Up until recently, I too had a fixed Cross-Check commuter. Although riding fixed has many advantages, I enjoy the hills too much. I love the bike but the fixed gear was limiting my routes and I ended up riding the bike less because of it. I put gears on it and now I can go anywhere without being concerned about having the right gear.

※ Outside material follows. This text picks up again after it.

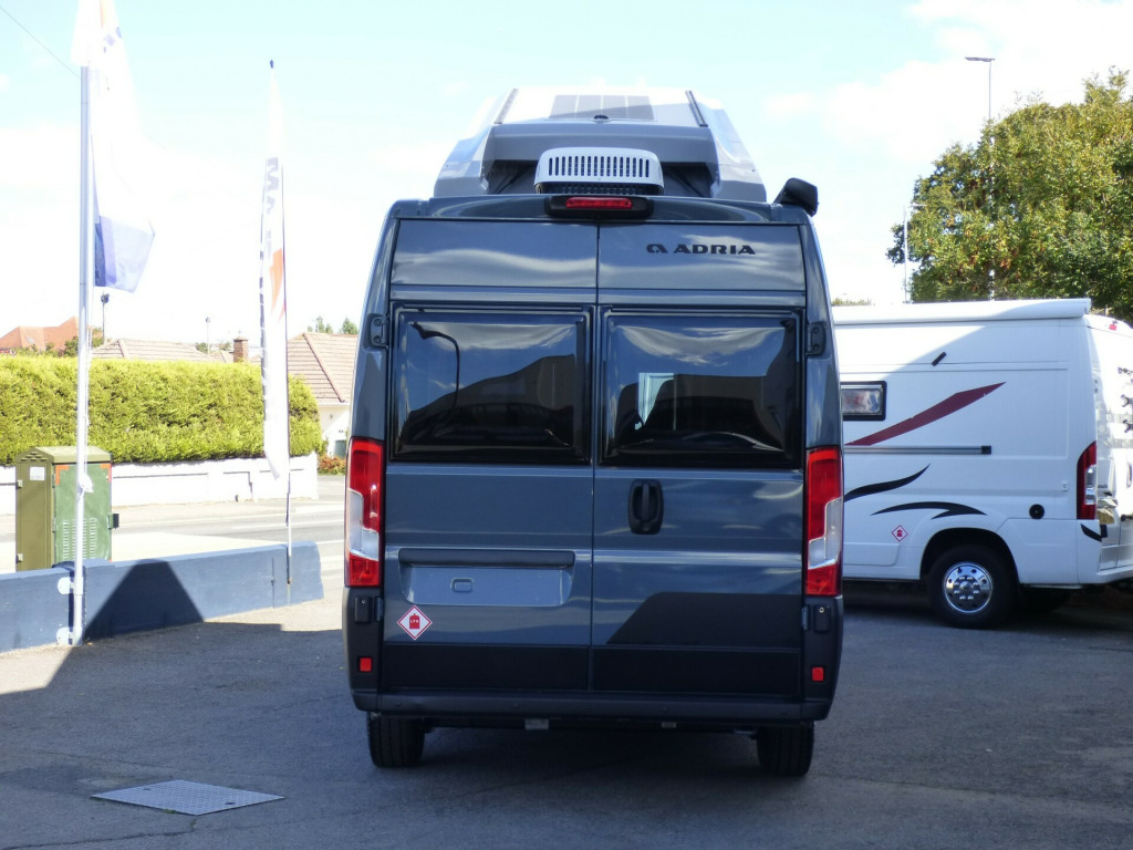 The stunning new 2026 model Adria Twin Sports 640 SGX is in stock now at Solent. One of the most sought after van conversions on the market, the Twin Sports is a superbly designed and built motorhome at home off the beaten track or travelling on adventures in foreign lands. The thoughtful design means there is a lot of storage space and every inch of the 6.36m is used well. The Twin is Fiat Ducato based featuring the new 2.2l 180bhp engine and 8 speed automatic transmission. Also fitted with the optional Lux pack, it boasts LED headlamps and a full LCD driving display. Behind the swivel seats is a dinette that seats 4 in comfort. A ladder accesses the pop-top roof with a comfortable, large double bed. To the side, the kitchen is fitted with a gas oven/grill, a 2 burner gas hob and a fridge/freezer. Opposite, behind a tambour door is the bathroom with cassette type toilet, wash hand basin and a clever partition for the shower. The bedroom has a large electric elevating double bed which can be moved out of the way to provide a huge storage area, ideal for transporting bikes. Heating is provided by a diesel heater with hot water by a Whale Gas boiler. Other features for this Adria Twin Sports 640 SGX include: Truma Habitation Air Conditioning, Pleated Cab Blinds, Navigation, Carpets, Thule Omnistor wind out awning, Pop-Top roof, Solar Panel, Flyscreen for sliding door, Larger 138l Fridge/freezer, Twin Leisure Batteries, Pull out platform, Heated Mattress and Insulation Canvas for Pop Top, Leather upholstery and Fiat Lux Pack. L. 6.36m, W. 2.05m, H. 2.60m, 3,500kg. 4 Berth, 4 Seatbelts, Delivery Mileage. Free Solent Pack worth £1655 comprising Scorpion S5 Alarm & Tracker, 22'' Falcon Smart TV, Falcon Soundbar and Falcon 4G motorhome WiFi! 0 bhp engine, adaptive cruise control, alloy wheels, automatic transmission, carpets, fiat lux pack, flyscreen for sliding door, habitation air conditioning, heated mattress option, iso fix child seat fixings, larger fridge option, leather upholstery, pleated cab blinds, pop top, reversing camera, solar panel, thule awning, twin leisure battery option, webasto diesel heating, free prestige pack worth £1655!, outdoor table holder, sliding door closing assistance, 16'' Alloys

Since you're in NYC, you probably don't have a need for gears so a fixed gear should be no problem.


----------



## gogogomoveit (Nov 20, 2003)

I put 42/15 on my single speed commuter. Great fun. The only little rollie I have to encounter is a 7% half mile up. I just go out of saddle and grind it through, Actually a 42/17 will work nicely too. Only if I can use my single speed on those 9% grades...


----------



## bikenerd (Jan 22, 2004)

*Go for it!*

I've been commuting fixed for about 6 years / 18,000 miles. My fixie has lights and fenders year round, and it's a great ride. I do occasionally commute on a geared bike, but the vast majority is on the fixie. My commute is 24 miles round trip, with about 400 feet of elevation change - downhill to work, uphill home. All the elevation change is in one half of the ride, the homeward end. I've run gears ranging from 48x20 to 54x20, it just depends on what you want to work on and what you want to hurt.


----------



## iamandy (Jun 20, 2003)

*Get a brake*

I commute on my fixed gear (and ride most of the winter fixed) and its great but the only time it bugs my knees is if I use my leg muscles to stop rather then the front brake. For some reason that bugs my knees and thats only if I do it a lot on a ride. Go for it, you'll love it.


----------



## Johnnygun (May 3, 2004)

*I ride....*

30 miles a day to work on my fixie - 49/16 gearing. I have a couple short climbs - mostly flat.

Absolutely love it

-JG


----------